SplunkLive Dallas was the perfect mix of up-and-coming Splunk users and veterans showing off some deep technical know-how.
A few highlights from the day:
Rachel Neal, Client Manager for Connectivity Services from DerbySoft kicked off the customer stories for the day. DerbySoft provides electronic distribution, reservation, financial, and marketing services for hotels and travel distributors. She supports 4 globally distributed data centers, with developers and customers all over the globe–needless to say it’s a challenging environment to manage. She was candid, funny and told a great story. (I happened to be at JCPenney to check out their holiday readiness war room the following day and they told me she was their favorite!) A few stories from Rachel:
- Developers used to pick and choose from the error queue. When we got Splunk in, we saw there weren’t 50-some errors, there were more like 10K errors! But one was the same error repeating 732 times a day. Once we resolved that, we were able to improve our baseline and become more intelligent and proactive about addressing issues in our infrastructure
- “Splunk gives us a full-time 24-hour global support employee, alerting on, and in some cases, resolving errors.”
- “We have integration with our customers, so some of our errors are actually customer errors. Splunk triggers alerts that go directly to customers with all of the relevant bug/troubleshooting info.”

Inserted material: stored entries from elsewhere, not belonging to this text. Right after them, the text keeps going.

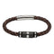 Unique and Co mens black leather braided bracelet with carbon fibre and steel elements. This mens bracelet measures 21cm and fastens with a stainless steel pusher clasp that features the Unique & Co logo.
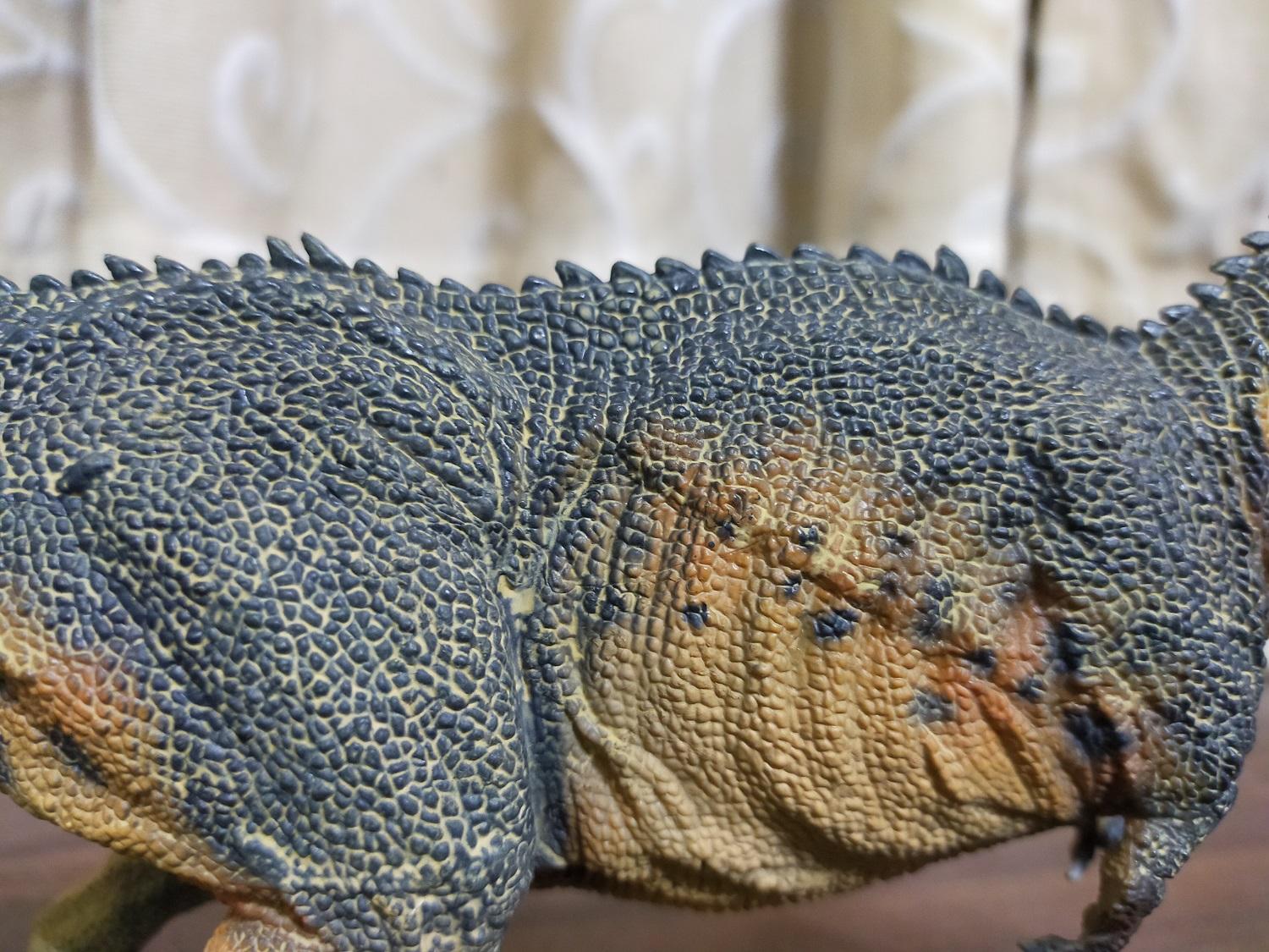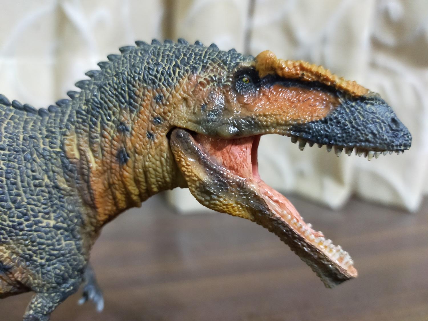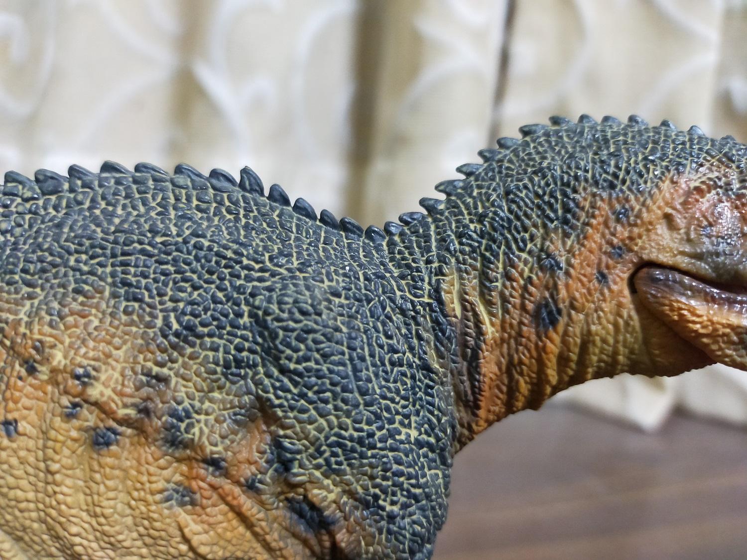 與霸王龍相較起來,該款巨獸龍扣除頭型太纖細的缺點,而且貌似也沒有說明是以哪一具標本為參考對象來製作復原模型,基本上應是以強調霸王龍欠缺的速度感為前提來塑型的;此外,基於本體的塗裝主色,加上排列於背部的棘刺還有頭部等風味使然,雷某自己會私心把它腦補成是東寶哥吉拉怪獸系列中的恐龍怪獸哥洛龍(Gorosaurus)在現實中所應有的模樣和姿態(笑)
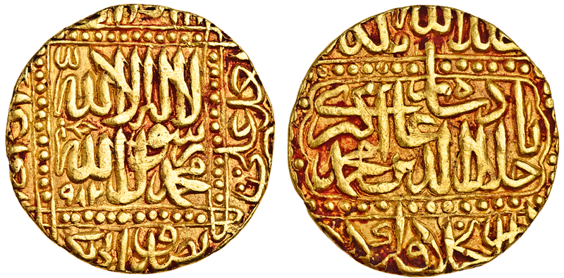 Mughal Empire, Akbar (1556-1605), AV Mohur, 10.79g, Dar ul-Khilafat Agra, AH982 (KM.108.1), very fine
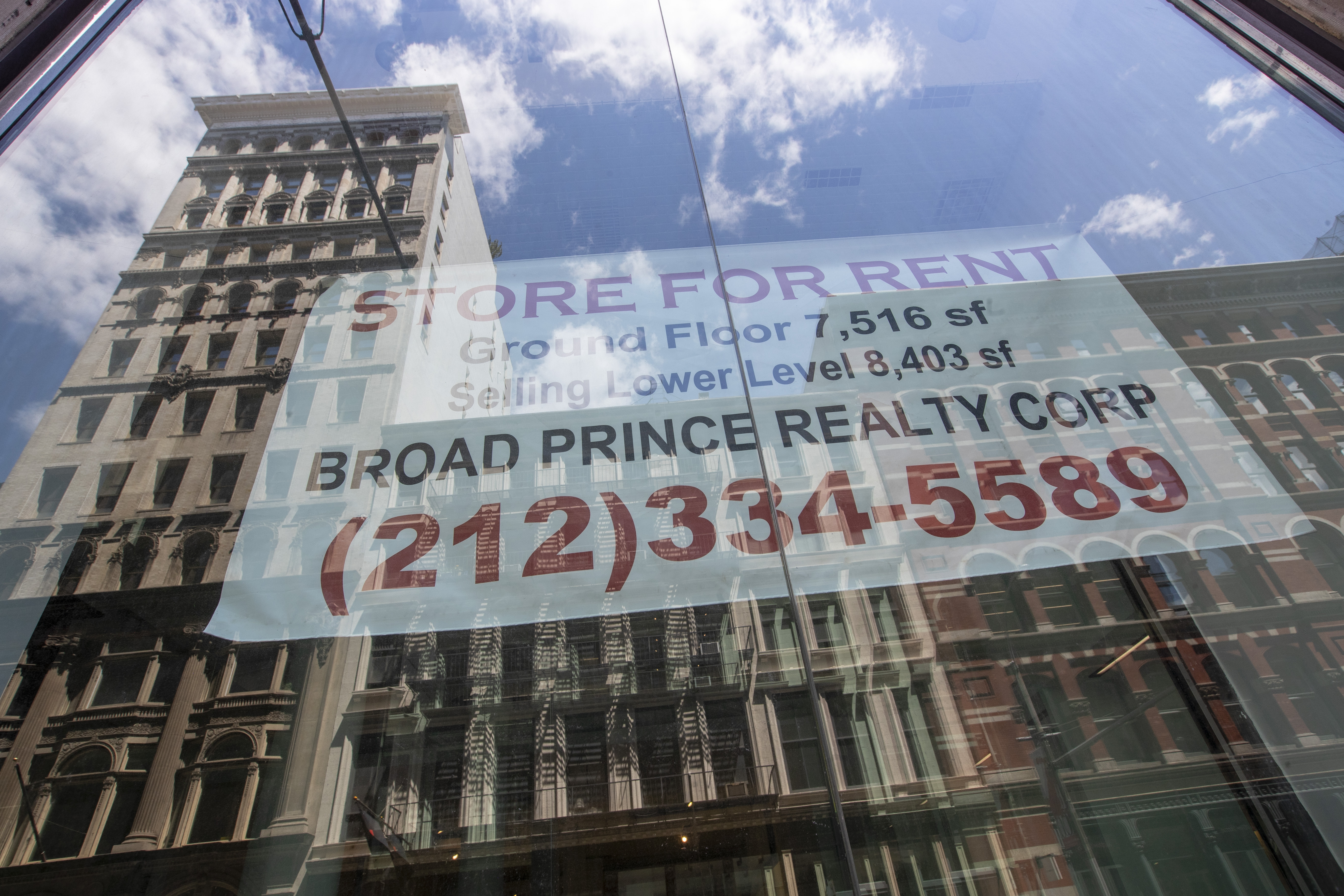 A store for rent sign hangs in the window of an empty storefront on Broadway in the Soho neighborhood of Manhattan in New York, U.S., May 7, 2020. /AP
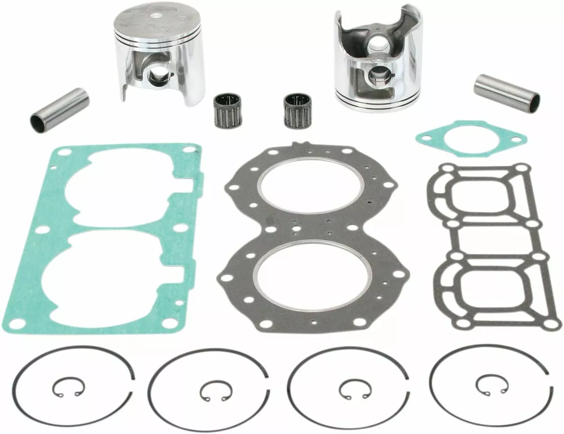 - Includes pistons, rings, pins, clips, racing needle bearings, head and base gaskets, intake and exhaust gaskets
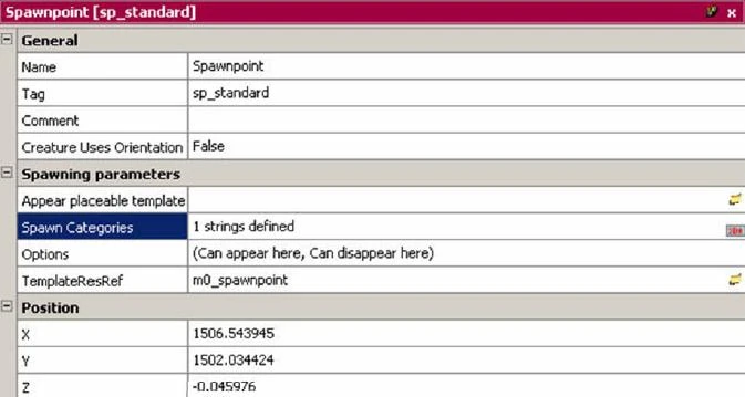 Категории появления (Spawn Categories). Набор признаков, описывающих область, в которой появляется персонаж. Значение должно быть идентично одной из категорий в описании пункта появления персонажа.
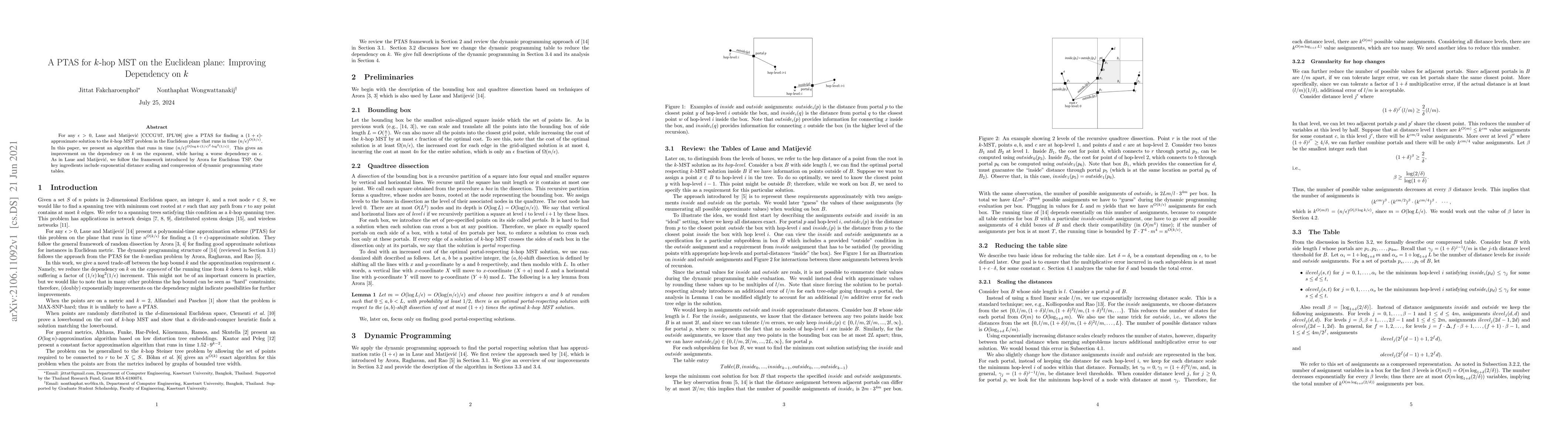 For any $\epsilon>0$, Laue and Matijevi\'{c} [CCCG'07, IPL'08] give a PTAS for finding a $(1+\epsilon)$-approximate solution to the $k$-hop MST problem in the Euclidean plane that runs in time $(n/\epsilon)^{O(k/\epsilon)}$. In this paper, we present an algorithm that runs in time $(n/\epsilon)^{O(\log k \cdot(1/\epsilon)^2\cdot\log^2(1/\epsilon))}$. This gives an improvement on the dependency on $k$ on the exponent, while having a worse dependency on $\epsilon$. As in Laue and Matijevi\'{c}, we follow the framework introduced by Arora for Euclidean TSP. Our key ingredients include exponential distance scaling and compression of dynamic programming state tables.
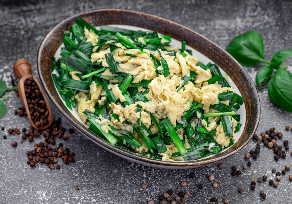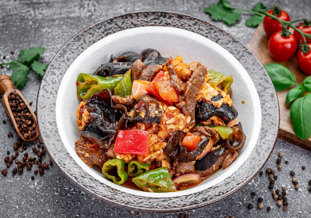 1Stir fried meat with eggs, black mushrooms, vegetables & sauces
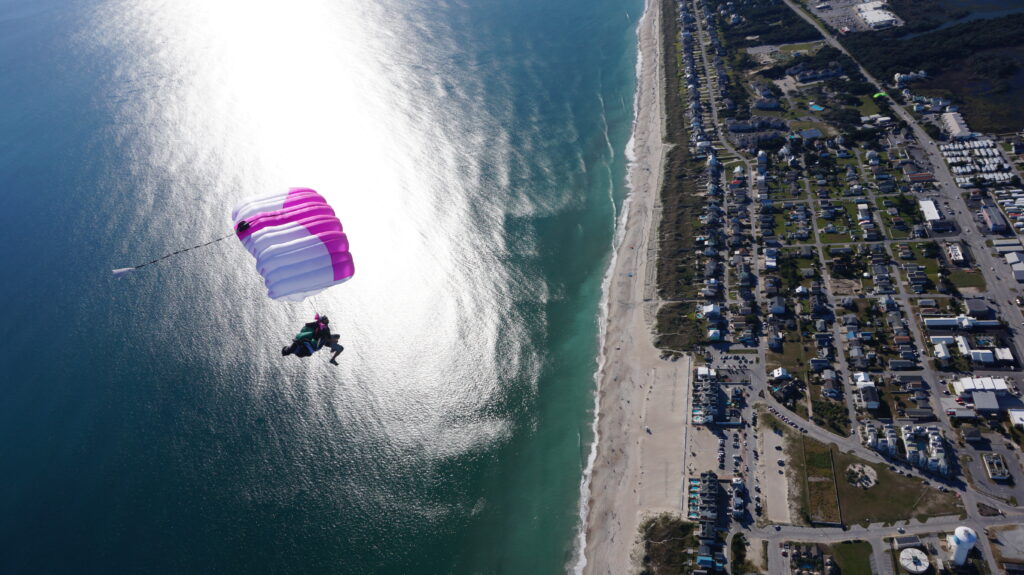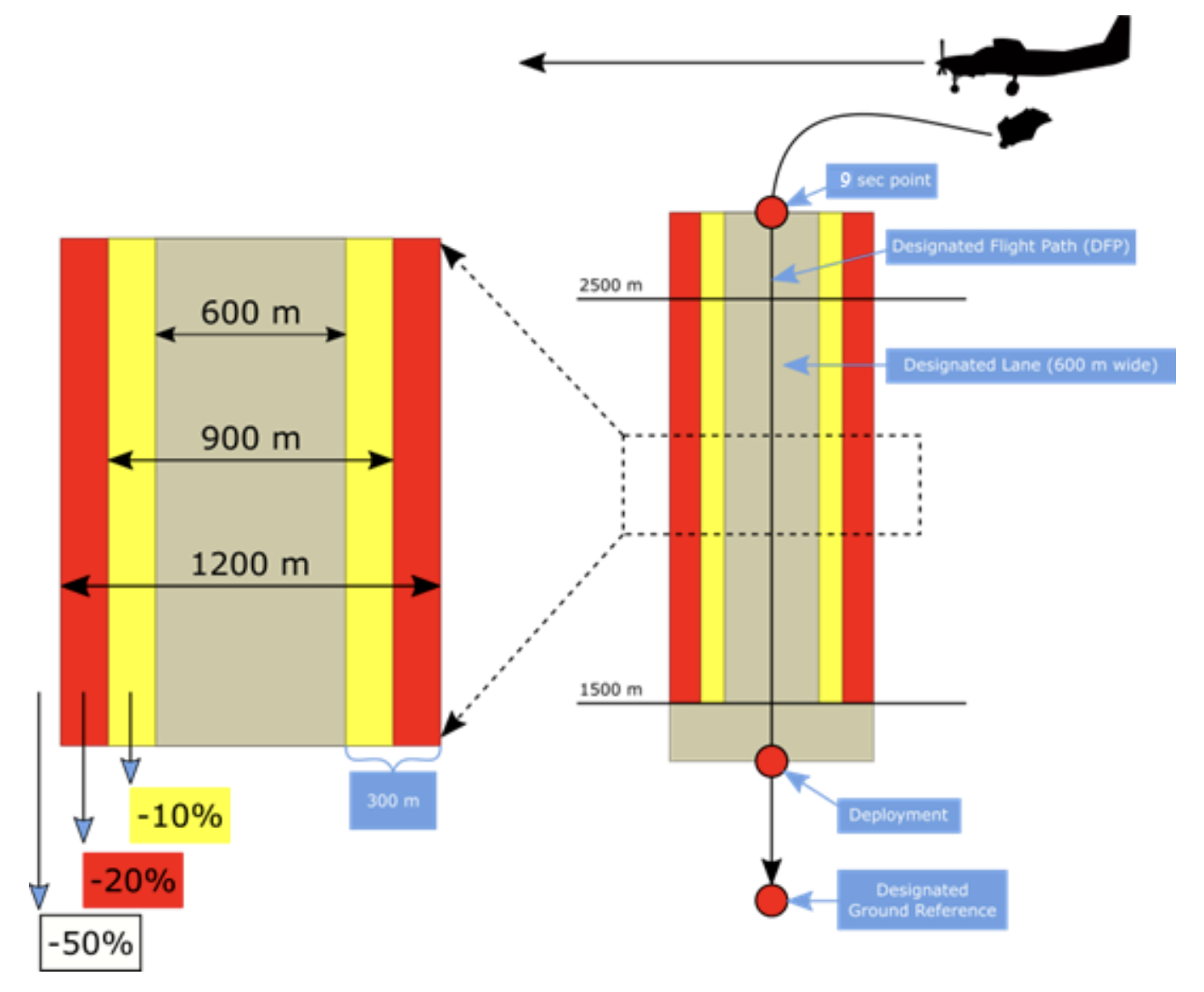 Your lane will be allocated to you by way of a point on the ground being assigned. This assignment will be done with enough time to study the line of flight before boarding and are rotated between jumps. When exiting the plane, this will be the target. The official lane begins 9 seconds after the competitor’s vertical speed first reaches 10m/s and ends 66ft (20m) below the competition window. A straight line from the point at 9 seconds to the point on the ground to designate the lane.

- Before Splunk problem solving: 17 steps/ 30 minutes; with Splunk: 1 step/ 3 minutes
- “It’s easy to chart things, just try it. Issues pop out–it’s easy to visualize what’s different.”
- Splunk is part of motivation plans for our employees. Our developers like to track who has the cleanest code/ fewest bugs—they view it as a competition and want to be the best. Splunk visualizes this to spur the competition. And the code is much, much cleaner
- “We’re driving revenue off of our Splunk alerts.”
Moving forward, Rachel and co. are looking to expand the number of data types they’re feeding into Splunk to work towards greater visibility and new opportunities to deliver added value services for their customers.
Splunk power user Gregg Woodcock is a Senior Member of the Technical Staff at MetroPCS. MetroPCS provides unlimited wireless communications service for a flat-rate with no annual contract to more than 9 million subscribers. MetroPCS is using Splunk (and achieving serious ROI) in 4 primary categories:
- Launching New Products and Services: Speeding application de-bugging means bringing new products to market faster, with fewer bugs, making for a better user experience
- Tariff Justification/ Optimization: Splunk statistical analysis uses RDBMS lookup to calculate cost per call
- Call Detail Record Visibility: Splunk’s ability to ingest any format without parsers or adapters speeds deployment and time to value
- Detecting Abuse: Reports and dashboards highlight possible abusers—key indicator of Terms of Service Abusers
And they’ve created dashboard views to detail revenue optimization and carrier savings.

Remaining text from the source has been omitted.